| Assigned task |
Transcribe the listing below word for word but skip its images.
╔══
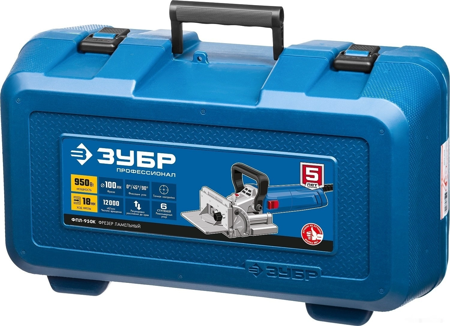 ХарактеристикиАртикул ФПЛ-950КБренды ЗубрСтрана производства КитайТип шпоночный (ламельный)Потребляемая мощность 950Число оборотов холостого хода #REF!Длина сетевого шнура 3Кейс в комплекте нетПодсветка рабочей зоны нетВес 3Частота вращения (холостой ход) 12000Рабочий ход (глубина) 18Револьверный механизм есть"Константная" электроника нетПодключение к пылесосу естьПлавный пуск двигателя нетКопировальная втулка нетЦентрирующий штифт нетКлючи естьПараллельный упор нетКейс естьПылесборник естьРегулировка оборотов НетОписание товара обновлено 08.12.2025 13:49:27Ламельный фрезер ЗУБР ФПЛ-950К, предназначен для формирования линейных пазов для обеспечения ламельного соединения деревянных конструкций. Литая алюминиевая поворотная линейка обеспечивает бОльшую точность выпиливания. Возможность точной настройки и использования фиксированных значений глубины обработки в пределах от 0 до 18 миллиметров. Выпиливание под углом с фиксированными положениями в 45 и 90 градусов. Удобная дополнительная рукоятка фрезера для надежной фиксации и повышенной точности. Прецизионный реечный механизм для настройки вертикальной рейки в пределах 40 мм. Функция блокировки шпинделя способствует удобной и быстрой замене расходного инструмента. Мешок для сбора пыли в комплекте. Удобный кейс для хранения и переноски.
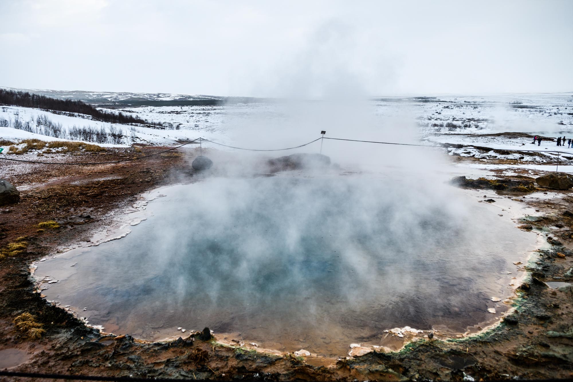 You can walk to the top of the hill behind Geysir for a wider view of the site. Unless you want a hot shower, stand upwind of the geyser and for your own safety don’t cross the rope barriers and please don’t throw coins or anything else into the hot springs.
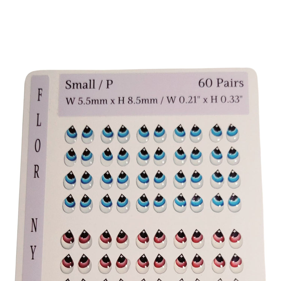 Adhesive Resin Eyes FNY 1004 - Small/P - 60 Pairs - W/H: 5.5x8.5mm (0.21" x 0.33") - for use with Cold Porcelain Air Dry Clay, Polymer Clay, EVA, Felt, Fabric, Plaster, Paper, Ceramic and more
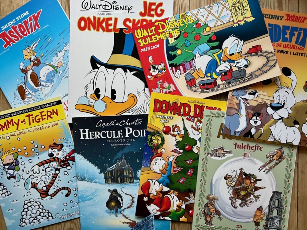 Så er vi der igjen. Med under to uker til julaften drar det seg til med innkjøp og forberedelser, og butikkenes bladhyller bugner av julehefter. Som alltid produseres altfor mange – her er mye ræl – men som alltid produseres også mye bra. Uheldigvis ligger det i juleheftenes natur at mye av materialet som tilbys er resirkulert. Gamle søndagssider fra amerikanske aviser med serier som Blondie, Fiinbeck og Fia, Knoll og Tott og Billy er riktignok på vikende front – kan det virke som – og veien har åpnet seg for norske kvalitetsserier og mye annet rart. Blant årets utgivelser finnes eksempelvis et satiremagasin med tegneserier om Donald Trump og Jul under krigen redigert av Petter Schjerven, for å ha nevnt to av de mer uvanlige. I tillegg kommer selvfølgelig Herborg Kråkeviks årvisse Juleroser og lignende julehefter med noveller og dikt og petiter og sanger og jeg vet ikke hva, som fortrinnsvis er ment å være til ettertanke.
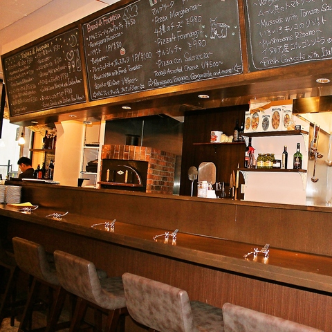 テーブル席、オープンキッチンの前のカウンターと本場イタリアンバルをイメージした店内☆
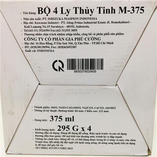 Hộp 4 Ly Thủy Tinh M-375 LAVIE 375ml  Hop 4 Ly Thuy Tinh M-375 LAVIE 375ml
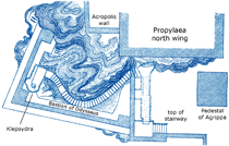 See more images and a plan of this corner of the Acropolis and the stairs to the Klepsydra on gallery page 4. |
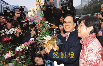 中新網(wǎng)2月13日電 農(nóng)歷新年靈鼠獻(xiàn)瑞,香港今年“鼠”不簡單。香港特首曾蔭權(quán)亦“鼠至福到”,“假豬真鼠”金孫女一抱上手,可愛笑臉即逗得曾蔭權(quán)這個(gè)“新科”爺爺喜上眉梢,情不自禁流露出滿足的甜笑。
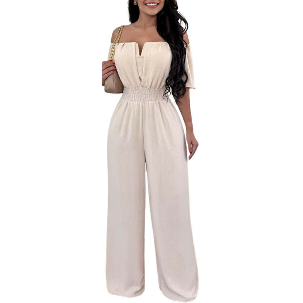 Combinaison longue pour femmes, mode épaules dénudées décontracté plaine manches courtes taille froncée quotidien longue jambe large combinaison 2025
╚══
| Answer below |
 ХарактеристикиАртикул ФПЛ-950КБренды ЗубрСтрана производства КитайТип шпоночный (ламельный)Потребляемая мощность 950Число оборотов холостого хода #REF!Длина сетевого шнура 3Кейс в комплекте нетПодсветка рабочей зоны нетВес 3Частота вращения (холостой ход) 12000Рабочий ход (глубина) 18Револьверный механизм есть"Константная" электроника нетПодключение к пылесосу естьПлавный пуск двигателя нетКопировальная втулка нетЦентрирующий штифт нетКлючи естьПараллельный упор нетКейс естьПылесборник естьРегулировка оборотов НетОписание товара обновлено 08.12.2025 13:49:27Ламельный фрезер ЗУБР ФПЛ-950К, предназначен для формирования линейных пазов для обеспечения ламельного соединения деревянных конструкций. Литая алюминиевая поворотная линейка обеспечивает бОльшую точность выпиливания. Возможность точной настройки и использования фиксированных значений глубины обработки в пределах от 0 до 18 миллиметров. Выпиливание под углом с фиксированными положениями в 45 и 90 градусов. Удобная дополнительная рукоятка фрезера для надежной фиксации и повышенной точности. Прецизионный реечный механизм для настройки вертикальной рейки в пределах 40 мм. Функция блокировки шпинделя способствует удобной и быстрой замене расходного инструмента. Мешок для сбора пыли в комплекте. Удобный кейс для хранения и переноски.
 You can walk to the top of the hill behind Geysir for a wider view of the site. Unless you want a hot shower, stand upwind of the geyser and for your own safety don’t cross the rope barriers and please don’t throw coins or anything else into the hot springs.
 Adhesive Resin Eyes FNY 1004 - Small/P - 60 Pairs - W/H: 5.5x8.5mm (0.21" x 0.33") - for use with Cold Porcelain Air Dry Clay, Polymer Clay, EVA, Felt, Fabric, Plaster, Paper, Ceramic and more
 Så er vi der igjen. Med under to uker til julaften drar det seg til med innkjøp og forberedelser, og butikkenes bladhyller bugner av julehefter. Som alltid produseres altfor mange – her er mye ræl – men som alltid produseres også mye bra. Uheldigvis ligger det i juleheftenes natur at mye av materialet som tilbys er resirkulert. Gamle søndagssider fra amerikanske aviser med serier som Blondie, Fiinbeck og Fia, Knoll og Tott og Billy er riktignok på vikende front – kan det virke som – og veien har åpnet seg for norske kvalitetsserier og mye annet rart. Blant årets utgivelser finnes eksempelvis et satiremagasin med tegneserier om Donald Trump og Jul under krigen redigert av Petter Schjerven, for å ha nevnt to av de mer uvanlige. I tillegg kommer selvfølgelig Herborg Kråkeviks årvisse Juleroser og lignende julehefter med noveller og dikt og petiter og sanger og jeg vet ikke hva, som fortrinnsvis er ment å være til ettertanke.
 テーブル席、オープンキッチンの前のカウンターと本場イタリアンバルをイメージした店内☆
 Hộp 4 Ly Thủy Tinh M-375 LAVIE 375ml  Hop 4 Ly Thuy Tinh M-375 LAVIE 375ml
 See more images and a plan of this corner of the Acropolis and the stairs to the Klepsydra on gallery page 4. |
 中新網(wǎng)2月13日電 農(nóng)歷新年靈鼠獻(xiàn)瑞,香港今年“鼠”不簡單。香港特首曾蔭權(quán)亦“鼠至福到”,“假豬真鼠”金孫女一抱上手,可愛笑臉即逗得曾蔭權(quán)這個(gè)“新科”爺爺喜上眉梢,情不自禁流露出滿足的甜笑。
 Combinaison longue pour femmes, mode épaules dénudées décontracté plaine manches courtes taille froncée quotidien longue jambe large combinaison 2025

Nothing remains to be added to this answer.